I really haven't looked for one, but I am going to the bike shop this morning for a new inner tube and I will see if they can help me find the number.


----------



## Willig5 (Aug 6, 2022)

I found the bike serial number, but I don't know where to look it up.


----------



## WillWork4Parts (Aug 6, 2022)

I had/have a girls version (in pieces), bought it for the shifter and rear fender really... thinking it was 70s. Sold a boys 24" version that was 71 with the plastic fork reflectors. Not sure on the year of yours. The only reason my 24" boys version was desirable was because it had a banana seat and riser bars added, looked like a Schwinn MantaRay knockoff. I don't think these lightweight AMF bikes are really that sought after.  Yours is definitely nice condition though. 
Post up a picture of the serial number please, maybe it will jog someone's memory. 
I would think 72 and up because of the amber reflector pedals, but those could have been replaced.


----------



## Freqman1 (Aug 6, 2022)

A really nice, clean bicycle. Rare maybe-desirable no-which means negligible value. It should make decent transportation though. V/r Shawn


----------



## GTs58 (Aug 6, 2022)

It's a 70's production. With a BMA sticker it can't be a 68.


----------



## Willig5 (Aug 6, 2022)

The friend I got it from said it was 1968, but upon thinking it through, I believe she might have been thinking of her other bike which is a girls bike, so I guess it's not unreasonable to think it might be a 70s bike. By the way, I want to thank everyone for being so informative.


----------



## GTs58 (Aug 6, 2022)

On a few brands the beginning digits of the serial number will indicate the year of manufacture. Your serial has a P5 at the beginning. P is past the first 12 letters of the alphabet so I don't know what that would signify as far as a month goes. The number 5 could be assumed that the year was 1975-85 etc..


----------



## Willig5 (Aug 6, 2022)

Okay, thanks for the help. I guess it's hardly even worth the $50 dollars I put into it. Oh well, burn to learn.


----------



## GTs58 (Aug 6, 2022)

Willig5 said:


> Okay, thanks for the help. I guess it's hardly even worth the $50 dollars I put into it. Oh well, burn to learn.

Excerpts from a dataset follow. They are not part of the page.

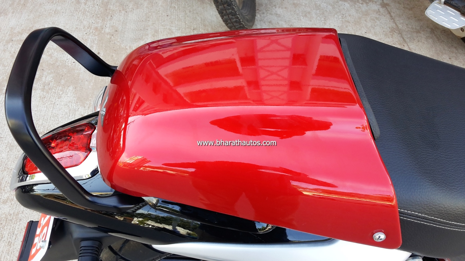 The Ebony Black version, on the other hand, replaces the white paint of the Pearl White colour scheme with Black while the red decals remain the same. Now speaking of the new colour, an unregistered model of the Bajaj V has been spotted in a newly introduced colour scheme, reportedly called as the ‘Cocktail Wine Red’. Judging from the licence plate, it seems that the vehicle was spotted at a dealership in Mangalore, Karnataka.
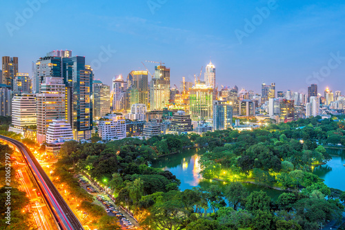 Fototapeta premium Bangkok city skyline with Lumpini park from top view in Thailand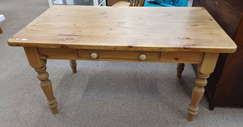 Pine kitchen table with single drawer to side on turned supports - 152 cm long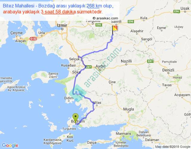 Bitez Mahallesi - Bozdağ arası yaklaşık olarak 90 km/h ile yukarıda belirtilen sürede olup, iki yerin kuş uçuşu uzaklığı (mesafesi) 156'dir. Yolculuk otobüsle 5 saat 9 dakika sürmektedir.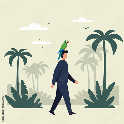 Векторная иллюстрация профессионального модельера мужского пола с девушкой-моделью, идущей по подиуму. Элемент дизайна концепции модного стилиста в плоском стиле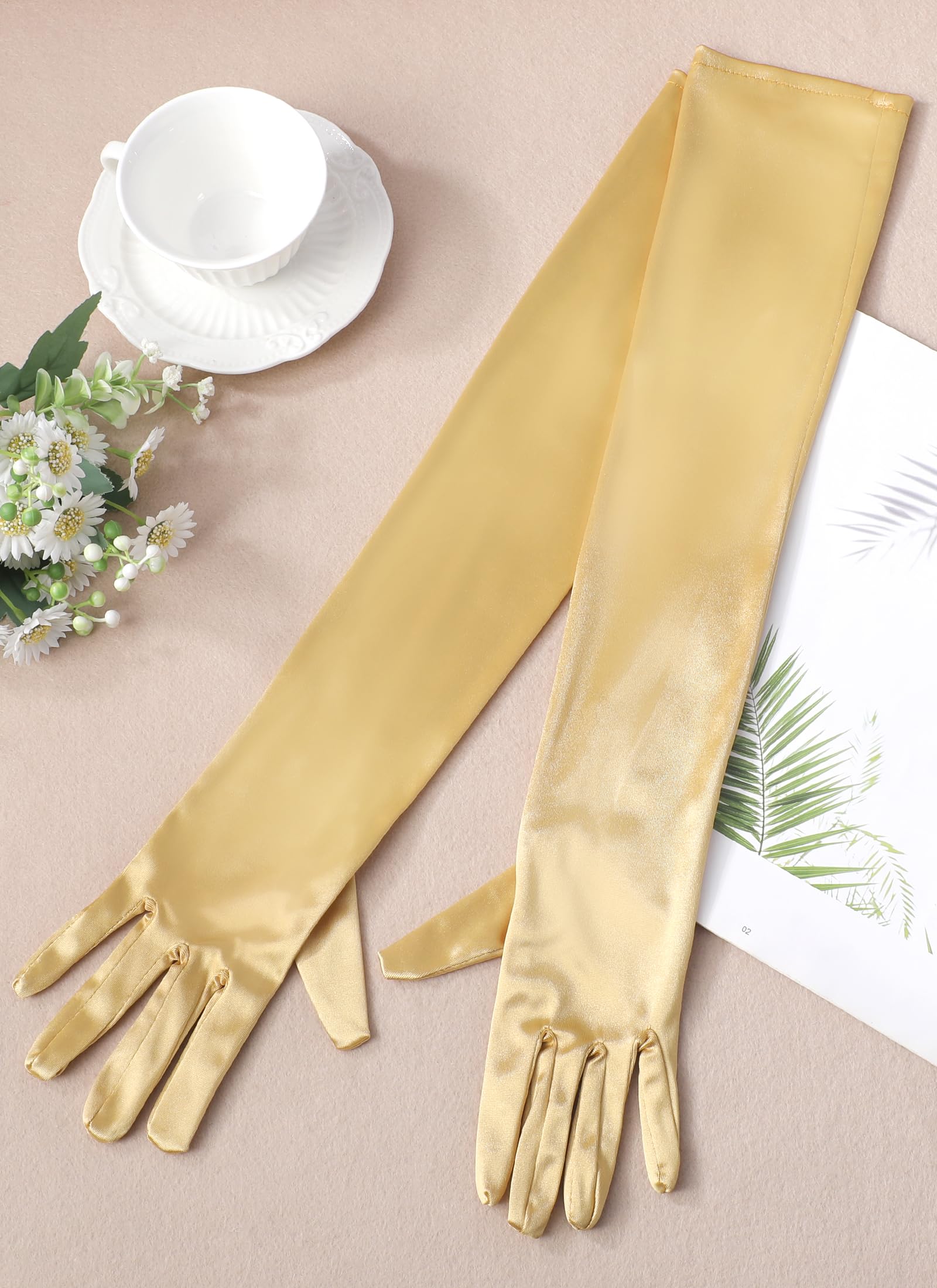 - Elegant Length: These satin gloves feature an elegant elbow-length design of approximately 55cm (21.65 inches), offering timeless sophistication and graceful arm coverage. The moderate stretch allows a snug yet flexible fit for most adult hand sizes (palm width 8–13cm), though not recommended for wider hands

It's worth that if it's going to be used.  😉


----------



## phantom (Aug 6, 2022)

I really like it, would like it better in a 3 speed version. I can't believe that rear brake cable is routed correctly.


----------



## Willig5 (Aug 7, 2022)

phantom said:


> I really like it, would like it better in a 3 speed version. I can't believe that rear brake cable is routed correctly.



It's routed correctly but It's missing 2 cable clips that tie it to the frame. Believe it or not, those original clips are hard to come by.


----------



## Oilit (Aug 12, 2022)

Willig5 said:


> It's routed correctly but It's missing 2 cable clips that tie it to the frame. Believe it or not, those original clips are hard to come by.



Interesting bike, thanks for posting. I've seen the three speeds, but this is the first 10 speed I recall.


----------



## phantom (Aug 12, 2022)

Willig5 said:


> It's routed correctly but It's missing 2 cable clips that tie it to the frame. Believe it or not, those original clips are hard to come by.



I see. I didn't know they were different from the thousands on e bay. In the meantime you could use clear zip ties.


----------



## juvela (Aug 12, 2022)

-----

brakes appear they may be Yoshikawa

company logo is a little fish making a tight turn -





---

valuation -

agree with Shawn that even though the condition is so nice it is essentially valueless

-----


----------



## Willig5 (Aug 13, 2022)

juvela said:


> -----
> 
> brakes appear they may be Yoshikawa
> 
> ...



Yeah, I only got $250 for it.


----------



## GTs58 (Aug 13, 2022)

Willig5 said:


> Yeah, I only got $250 for it.




👍


----------



## juvela (Aug 13, 2022)

Willig5 said:


> Yeah, I only got $250 for it




-----

Congratulations! - I should move to your market.   😲 

---

dating note -

the machine's Shimano Eagle serie rear mech did not launch until 1971

so if one takes it to be OEM it provides one bracketing date

(information from disraeligears.co.uk)

for a 1968 date the cycle would have been fitted with a Lark serie rear mech which launched in 1967


---

cable clips -

Huret offers a good selection of sizes:






-----


----------